AIM OF THE EXERCISE: Below are records with pictures; copy word for word only the lines between the line with "案例2:提前传输。 Inst" and the line with "同一天上午出現兩波烏龍,台網", inclusive, and drop the pictures.

MATERIAL SUPPLIED:
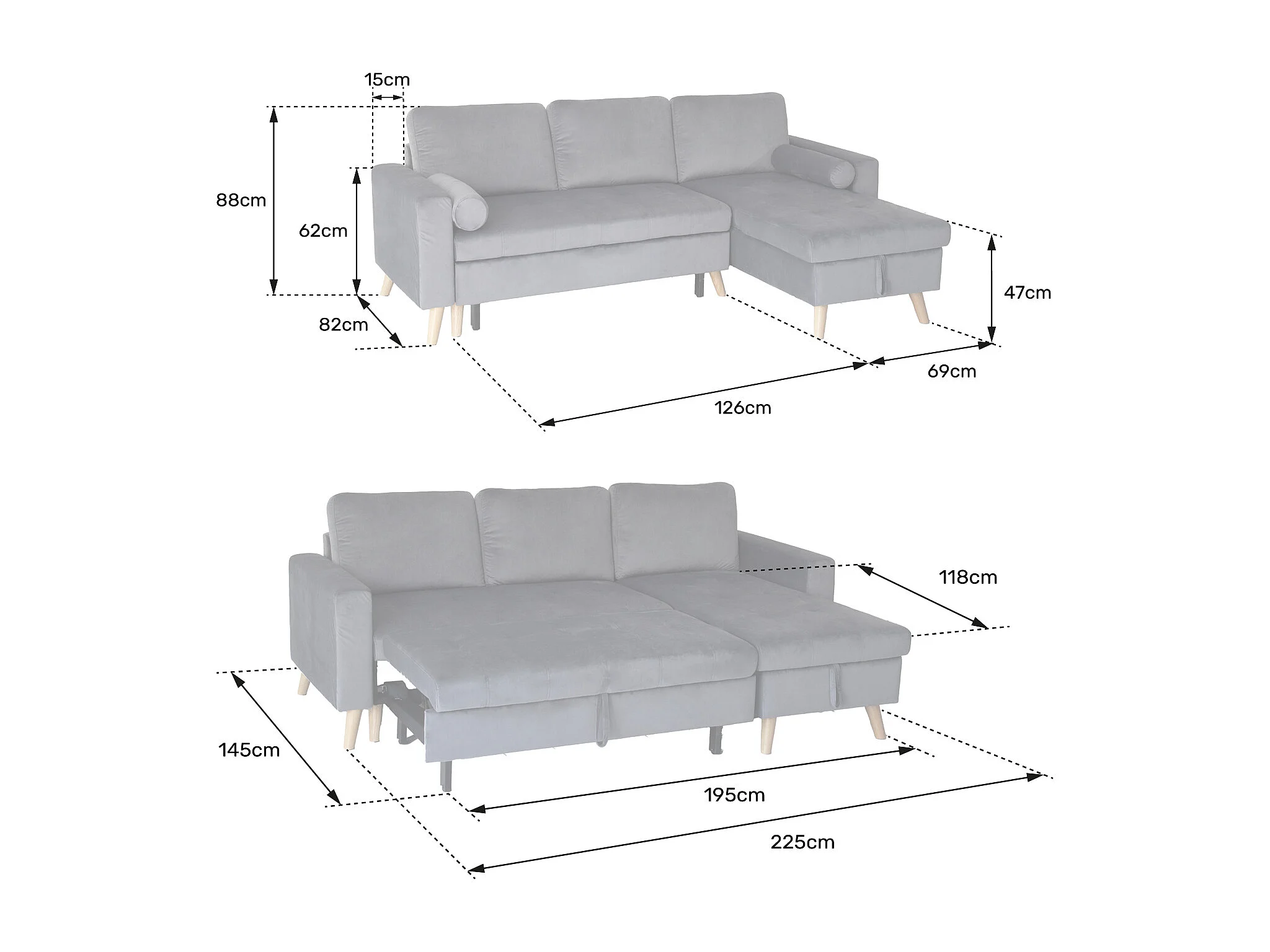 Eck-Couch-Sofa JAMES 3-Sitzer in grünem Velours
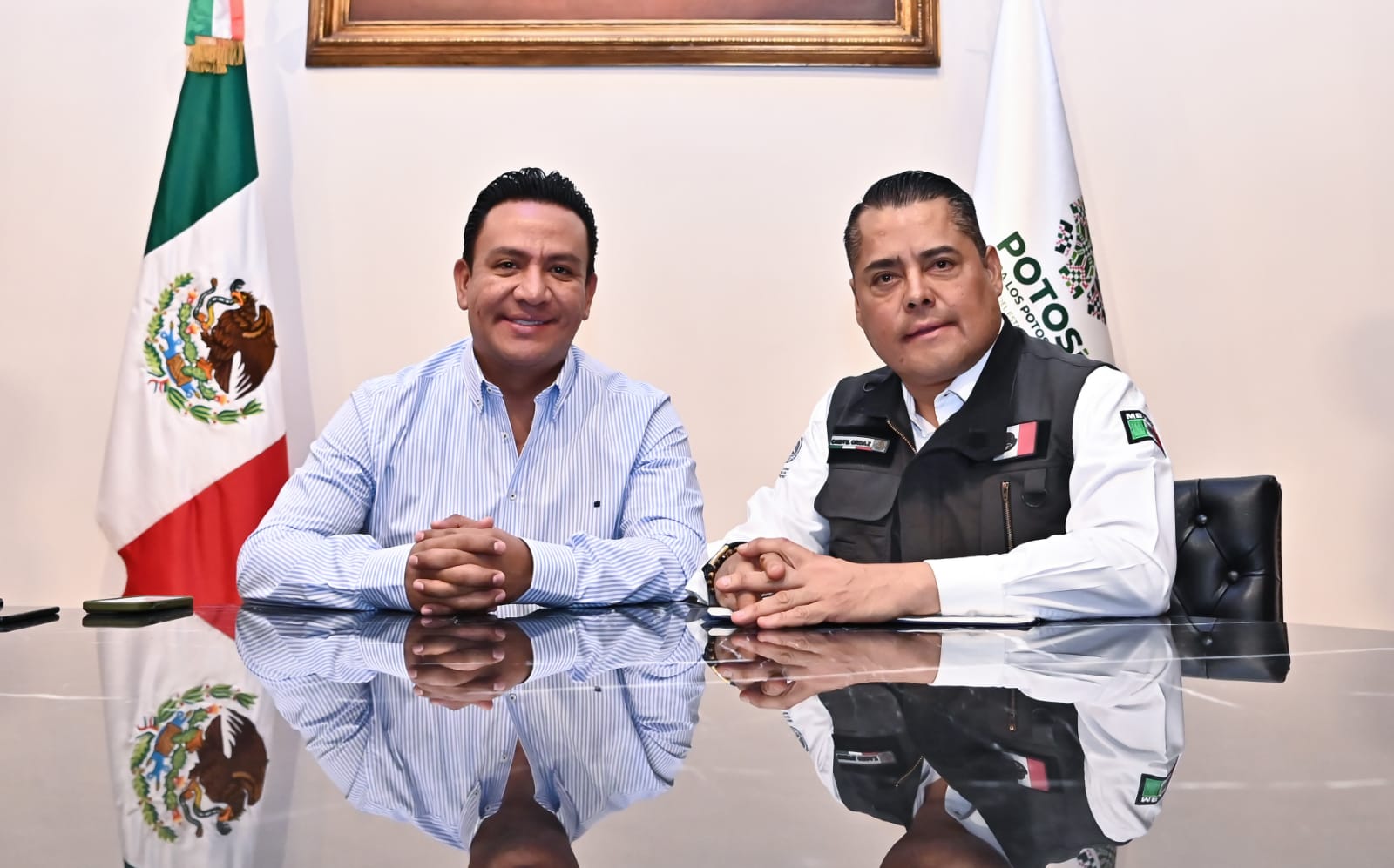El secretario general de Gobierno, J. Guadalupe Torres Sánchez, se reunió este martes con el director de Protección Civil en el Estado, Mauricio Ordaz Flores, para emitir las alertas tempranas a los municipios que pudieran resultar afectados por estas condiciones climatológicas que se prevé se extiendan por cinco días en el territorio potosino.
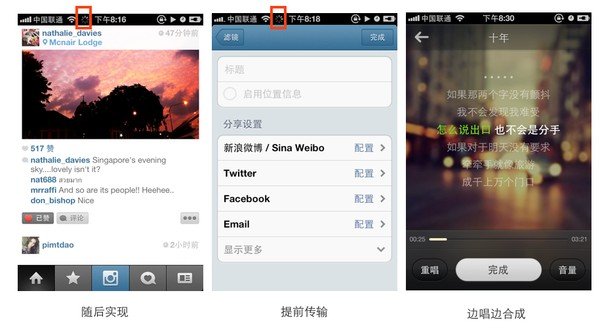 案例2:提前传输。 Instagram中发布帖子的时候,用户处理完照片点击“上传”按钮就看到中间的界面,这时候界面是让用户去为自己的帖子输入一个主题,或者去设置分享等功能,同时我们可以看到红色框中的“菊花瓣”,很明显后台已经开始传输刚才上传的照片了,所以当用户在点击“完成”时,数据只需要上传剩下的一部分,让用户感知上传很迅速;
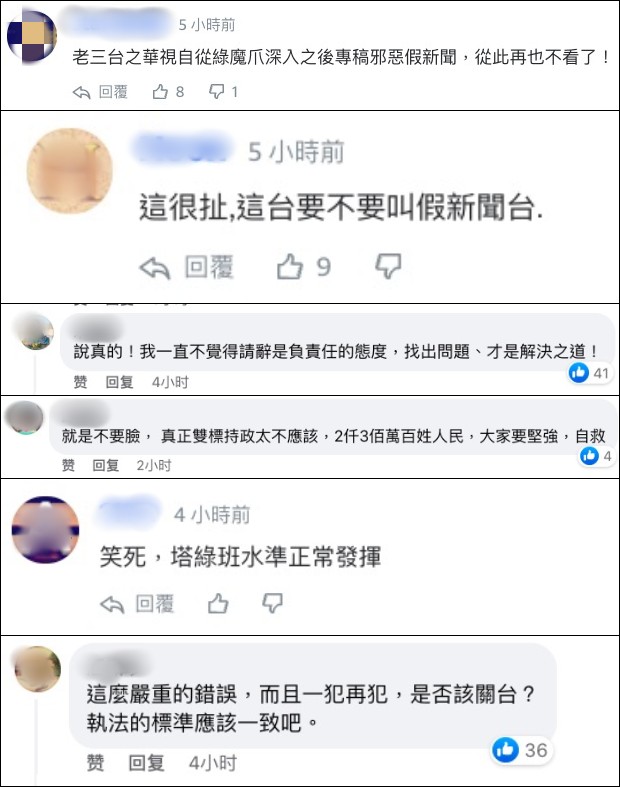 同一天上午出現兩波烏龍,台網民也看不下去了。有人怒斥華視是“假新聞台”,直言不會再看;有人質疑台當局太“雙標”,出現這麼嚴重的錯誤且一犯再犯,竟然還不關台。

---

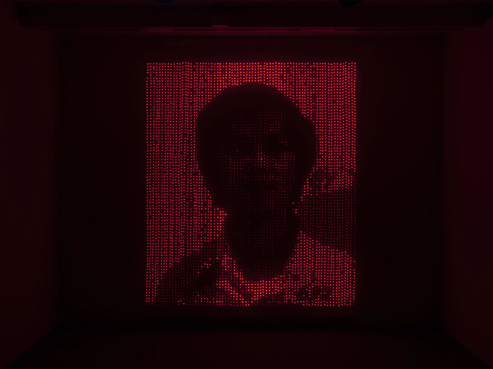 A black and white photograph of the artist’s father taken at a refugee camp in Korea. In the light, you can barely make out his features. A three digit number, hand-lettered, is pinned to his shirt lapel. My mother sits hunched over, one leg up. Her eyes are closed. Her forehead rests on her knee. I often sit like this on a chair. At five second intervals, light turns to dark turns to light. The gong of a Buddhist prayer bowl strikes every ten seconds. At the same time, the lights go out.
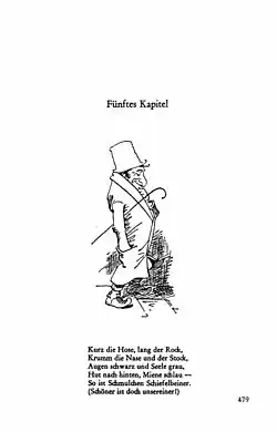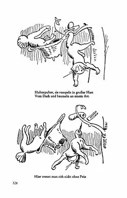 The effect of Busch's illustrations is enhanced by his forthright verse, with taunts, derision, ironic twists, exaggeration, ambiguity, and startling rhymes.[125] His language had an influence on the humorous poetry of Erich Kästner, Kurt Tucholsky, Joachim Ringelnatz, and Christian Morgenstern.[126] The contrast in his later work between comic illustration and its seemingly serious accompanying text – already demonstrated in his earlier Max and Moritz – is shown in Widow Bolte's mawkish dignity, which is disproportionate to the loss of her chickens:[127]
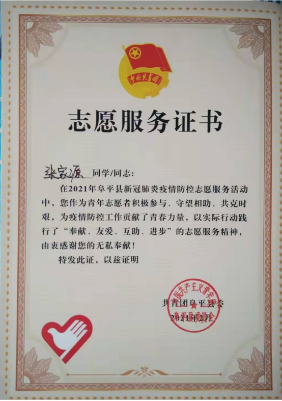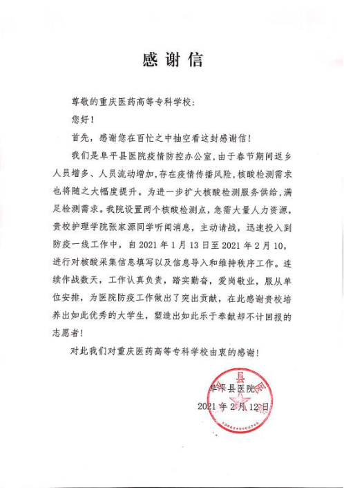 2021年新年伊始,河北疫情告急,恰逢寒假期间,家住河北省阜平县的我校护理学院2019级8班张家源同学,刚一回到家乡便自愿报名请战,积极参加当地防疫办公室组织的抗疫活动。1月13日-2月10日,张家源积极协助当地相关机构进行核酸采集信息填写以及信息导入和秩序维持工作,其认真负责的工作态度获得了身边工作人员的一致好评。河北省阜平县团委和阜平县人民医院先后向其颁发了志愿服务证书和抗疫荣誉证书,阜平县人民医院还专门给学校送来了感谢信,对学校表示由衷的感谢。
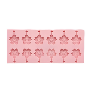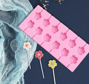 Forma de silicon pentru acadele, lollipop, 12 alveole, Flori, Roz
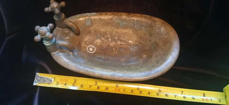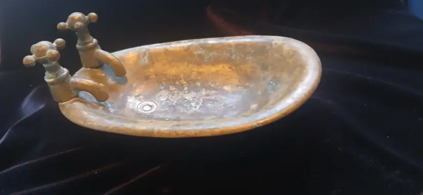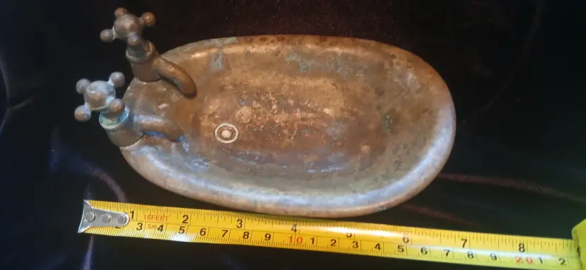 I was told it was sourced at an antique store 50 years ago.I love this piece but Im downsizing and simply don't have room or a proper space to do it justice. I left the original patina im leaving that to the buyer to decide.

RESPONSE TO THIS TASK:
 案例2:提前传输。 Instagram中发布帖子的时候,用户处理完照片点击“上传”按钮就看到中间的界面,这时候界面是让用户去为自己的帖子输入一个主题,或者去设置分享等功能,同时我们可以看到红色框中的“菊花瓣”,很明显后台已经开始传输刚才上传的照片了,所以当用户在点击“完成”时,数据只需要上传剩下的一部分,让用户感知上传很迅速;
 同一天上午出現兩波烏龍,台網民也看不下去了。有人怒斥華視是“假新聞台”,直言不會再看;有人質疑台當局太“雙標”,出現這麼嚴重的錯誤且一犯再犯,竟然還不關台。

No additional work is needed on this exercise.